Although  living in outer space could offer an opportunity to achieve greater freedom in life, it also offers the chance for tyranny if we don’t plan ahead.  Speaking on his paper at the Edinburgh Futures Institute conference on The Institutions of Extraterrestrial Liberty, Charles Cockell of the University of Edinburgh, described the need to take individual freedoms into account in engineering.  These concerns apply to spaceships, the Moon, Mars, and a host of other celestial bodies.

Back when I worked on regulations for the FAA, the engineers always had lists of factors that hazard, fault tree, and other analyses had to take into account.  Cockell suggests that liberty should be one of those factors in order to mitigate tyranny in space.

He observes that between spacesuits and the need for contained habitats, people’s freedom of movement will be curtailed in ways that would make  the worst Earth dictators envious.  Outer space, in fact, may be more “tyranny-prone” than we would like.  The natural environment will not provide oxygen, water, or food.  The external environment is immediately lethal.   Potential isolation from Earth could restrict settlers’ access to information, and curtail economic opportunity.

Cockell’s not completely a pessimist.  Outer space could offer freedom from government bureaucracies, restricted space, and entrenched ways of thought. The lack of oxygen or food in outer space is not tyranny in and of itself, of course.  It’s just the way things are.  Their denial could, however, result in oppressive social conditions.

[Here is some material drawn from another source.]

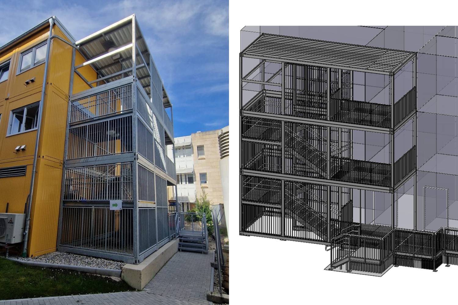 Zwei 3-geschossige offene Treppenhäuser in Modulbauweise, Podest- und Rampenanlage, inkl. Planung und Statik

Fortunately, we can use engineering to mitigate tyranny.  First, let’s recognize that if we centralized control of resources, the design could give someone greater opportunity to control those resources and thus other people.  Cockell suggests that freedom engineering would multiply the means of production, diversify providers of vital requirements such as oxygen, and create the opportunity for overproduction of each vital requirement.

Freedom of movement could also be an issue.  Settlers will need spacesuits and contained, pressurized habitats.  Other than terraforming (for the win), no technology can overcome this basic need.  Someone who can control access to this technology has an ineluctable means of control.  How could freedom engineering mitigate this hazard?  Design for reliable spacesuits, an oversupply to prevent shortages, easy donning and doffing, and designing for long duration excursions.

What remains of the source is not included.